TASK PROMPT — Write out exactly, and only, the lines below from the line with "Uşak Öğretmen Mahmut" through the line with "Damska koszulka z"; pictures do not belong in the copy.

RECORDS SUPPLIED —
::::

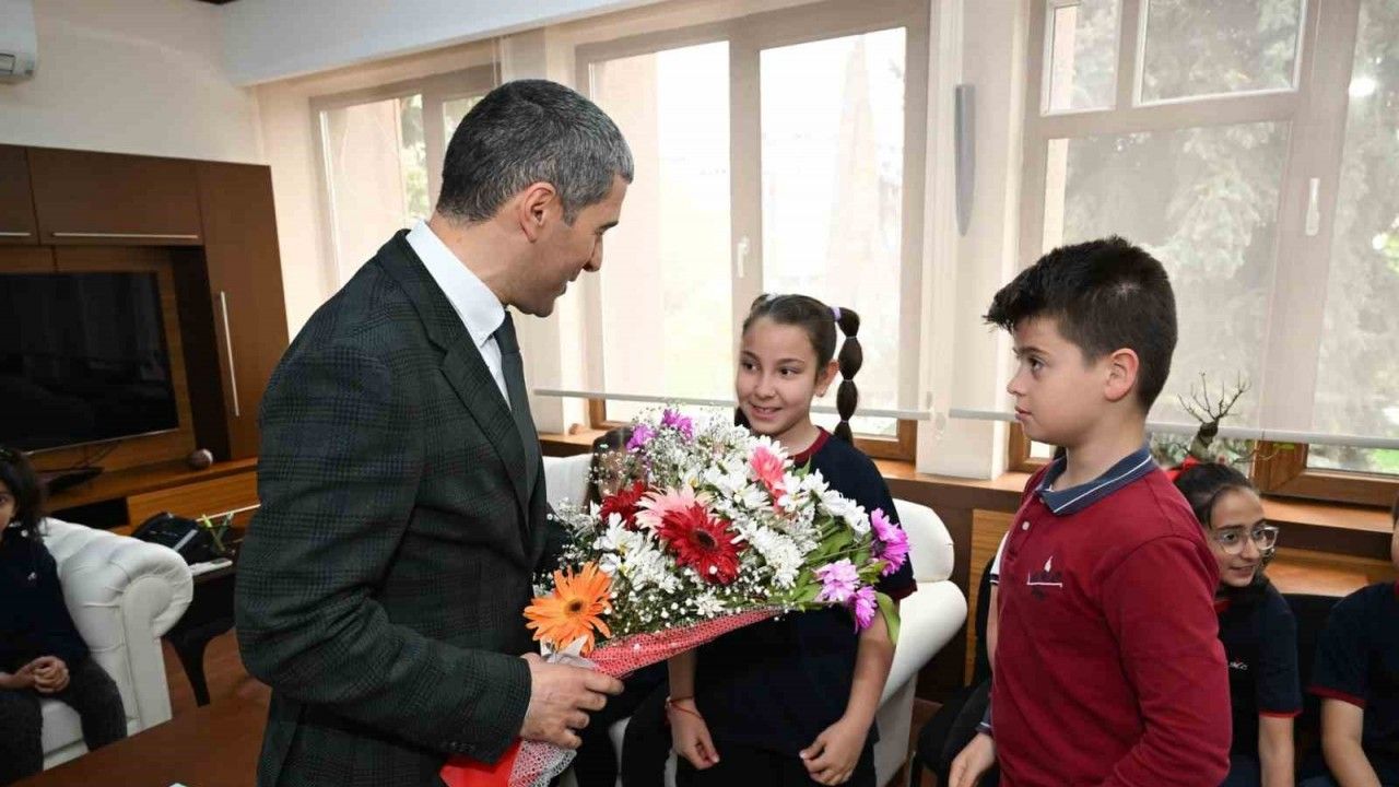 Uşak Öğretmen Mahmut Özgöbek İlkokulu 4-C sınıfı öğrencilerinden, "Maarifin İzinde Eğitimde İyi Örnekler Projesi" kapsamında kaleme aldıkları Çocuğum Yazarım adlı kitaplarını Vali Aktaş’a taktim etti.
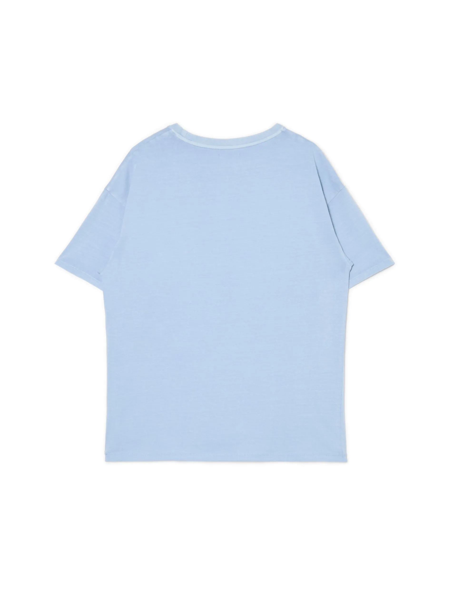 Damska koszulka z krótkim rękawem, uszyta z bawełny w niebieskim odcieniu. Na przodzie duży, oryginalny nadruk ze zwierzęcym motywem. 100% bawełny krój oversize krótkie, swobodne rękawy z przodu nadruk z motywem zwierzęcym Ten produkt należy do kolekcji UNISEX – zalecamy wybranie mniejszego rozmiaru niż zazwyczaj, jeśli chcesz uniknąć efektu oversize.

::::

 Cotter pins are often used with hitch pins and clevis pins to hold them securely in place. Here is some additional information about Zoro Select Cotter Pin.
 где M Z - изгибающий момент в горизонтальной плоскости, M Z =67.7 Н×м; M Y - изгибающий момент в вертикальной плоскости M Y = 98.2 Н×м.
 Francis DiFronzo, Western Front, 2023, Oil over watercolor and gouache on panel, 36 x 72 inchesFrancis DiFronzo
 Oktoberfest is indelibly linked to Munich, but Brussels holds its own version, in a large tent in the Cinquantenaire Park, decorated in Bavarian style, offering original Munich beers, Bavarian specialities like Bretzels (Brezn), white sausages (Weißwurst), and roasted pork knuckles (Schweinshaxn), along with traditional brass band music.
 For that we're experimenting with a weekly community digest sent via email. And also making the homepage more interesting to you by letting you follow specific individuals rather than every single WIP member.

::::

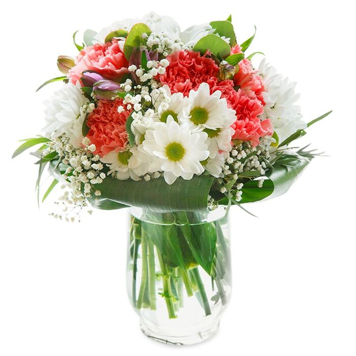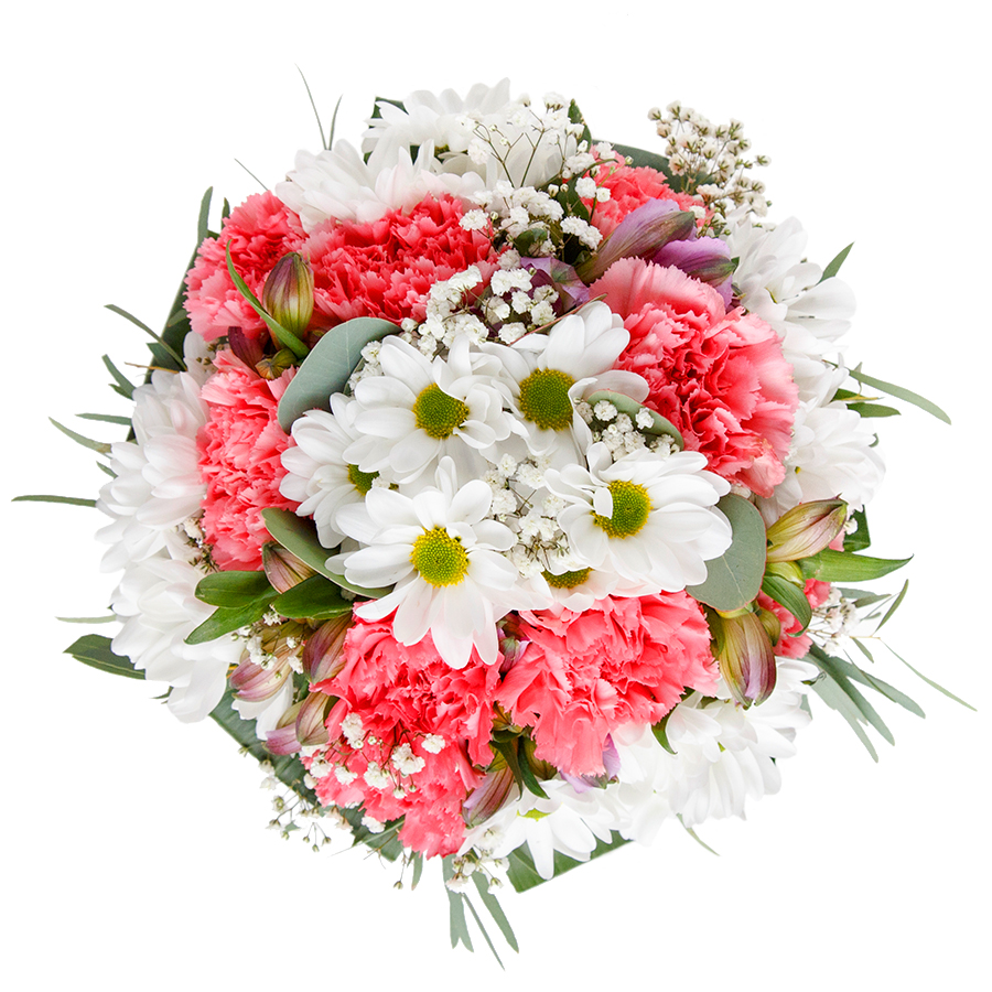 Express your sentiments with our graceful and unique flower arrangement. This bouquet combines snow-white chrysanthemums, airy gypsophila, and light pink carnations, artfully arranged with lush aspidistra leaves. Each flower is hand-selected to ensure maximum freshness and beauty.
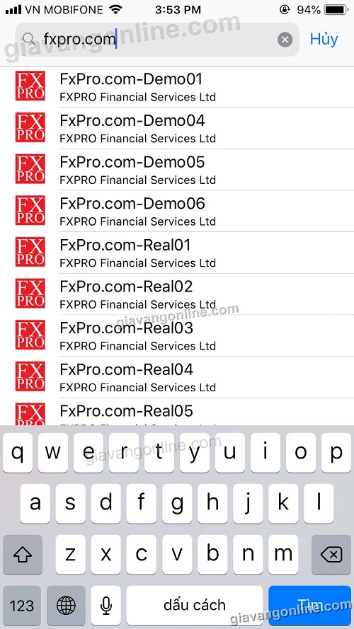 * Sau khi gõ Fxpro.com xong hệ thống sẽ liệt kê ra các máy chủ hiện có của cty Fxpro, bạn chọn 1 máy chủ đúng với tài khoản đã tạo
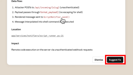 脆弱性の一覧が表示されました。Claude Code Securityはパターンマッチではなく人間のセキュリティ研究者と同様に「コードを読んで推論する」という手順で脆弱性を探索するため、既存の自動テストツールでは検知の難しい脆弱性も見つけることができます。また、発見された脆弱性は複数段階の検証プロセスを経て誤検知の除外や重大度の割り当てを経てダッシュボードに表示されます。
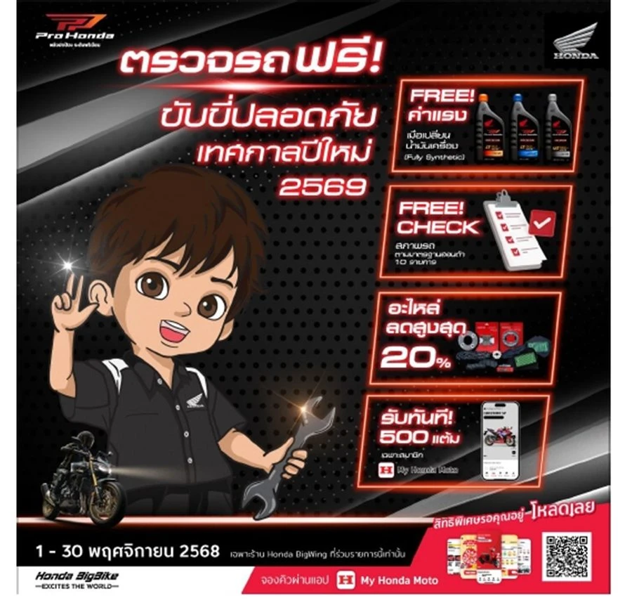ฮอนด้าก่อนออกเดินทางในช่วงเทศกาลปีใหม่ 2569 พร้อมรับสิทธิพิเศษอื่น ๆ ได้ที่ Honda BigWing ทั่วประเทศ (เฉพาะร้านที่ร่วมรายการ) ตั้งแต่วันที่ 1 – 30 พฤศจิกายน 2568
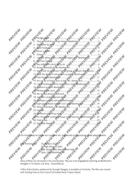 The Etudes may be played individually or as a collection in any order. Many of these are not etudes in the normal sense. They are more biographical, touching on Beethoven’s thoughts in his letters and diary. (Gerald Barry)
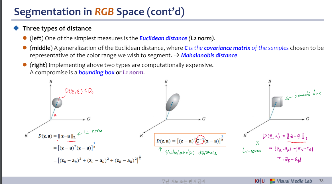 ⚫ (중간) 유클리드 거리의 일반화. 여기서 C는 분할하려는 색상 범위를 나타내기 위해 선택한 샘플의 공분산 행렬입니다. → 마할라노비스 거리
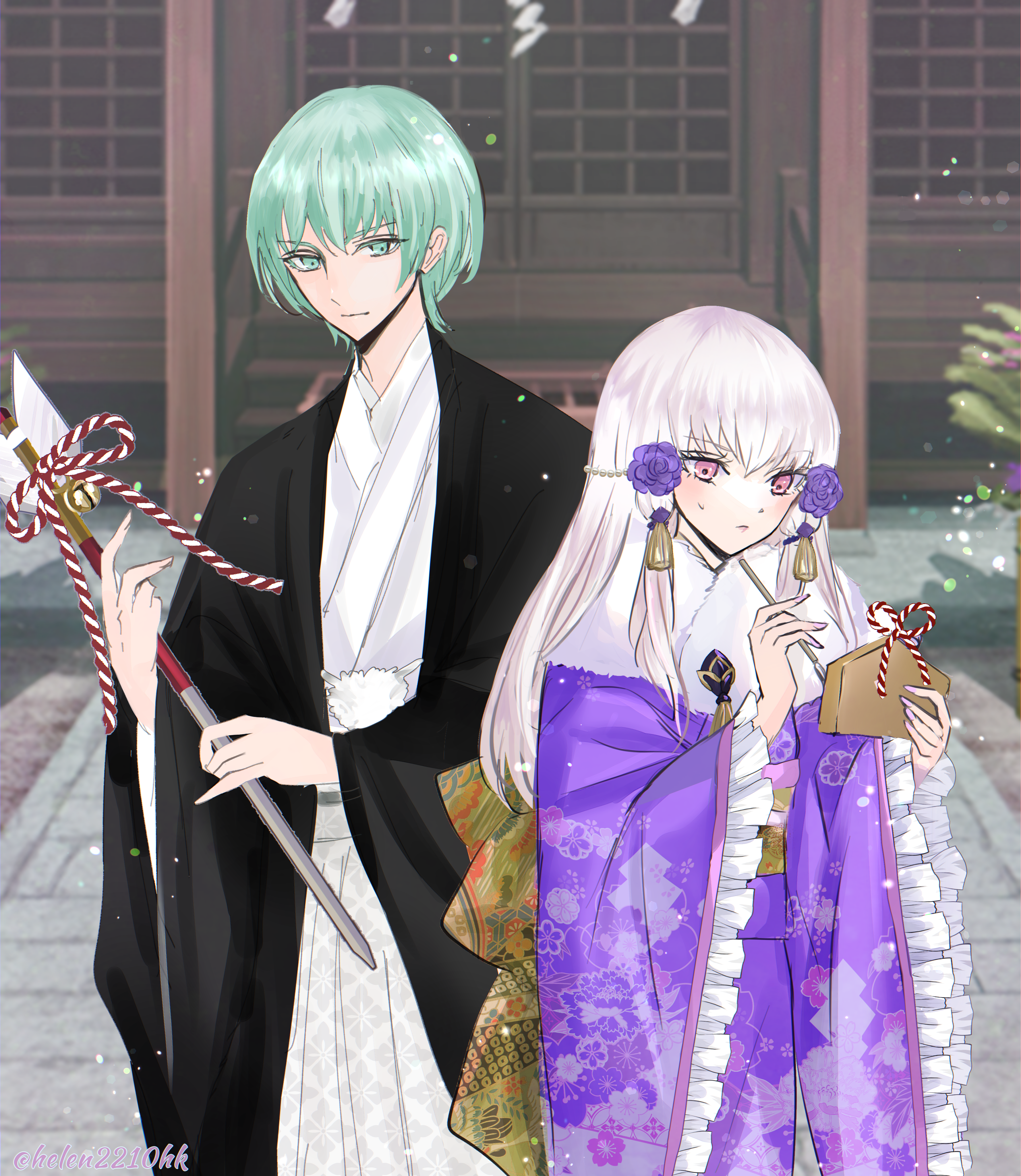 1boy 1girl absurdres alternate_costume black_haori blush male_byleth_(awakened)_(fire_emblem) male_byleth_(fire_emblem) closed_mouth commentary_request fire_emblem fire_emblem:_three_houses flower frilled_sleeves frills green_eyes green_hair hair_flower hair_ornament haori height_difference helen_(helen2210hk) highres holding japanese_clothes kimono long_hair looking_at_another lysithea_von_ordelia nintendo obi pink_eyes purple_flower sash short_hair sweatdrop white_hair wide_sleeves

::::

TASK SOLUTION —
 Uşak Öğretmen Mahmut Özgöbek İlkokulu 4-C sınıfı öğrencilerinden, "Maarifin İzinde Eğitimde İyi Örnekler Projesi" kapsamında kaleme aldıkları Çocuğum Yazarım adlı kitaplarını Vali Aktaş’a taktim etti.
 Damska koszulka z krótkim rękawem, uszyta z bawełny w niebieskim odcieniu. Na przodzie duży, oryginalny nadruk ze zwierzęcym motywem. 100% bawełny krój oversize krótkie, swobodne rękawy z przodu nadruk z motywem zwierzęcym Ten produkt należy do kolekcji UNISEX – zalecamy wybranie mniejszego rozmiaru niż zazwyczaj, jeśli chcesz uniknąć efektu oversize.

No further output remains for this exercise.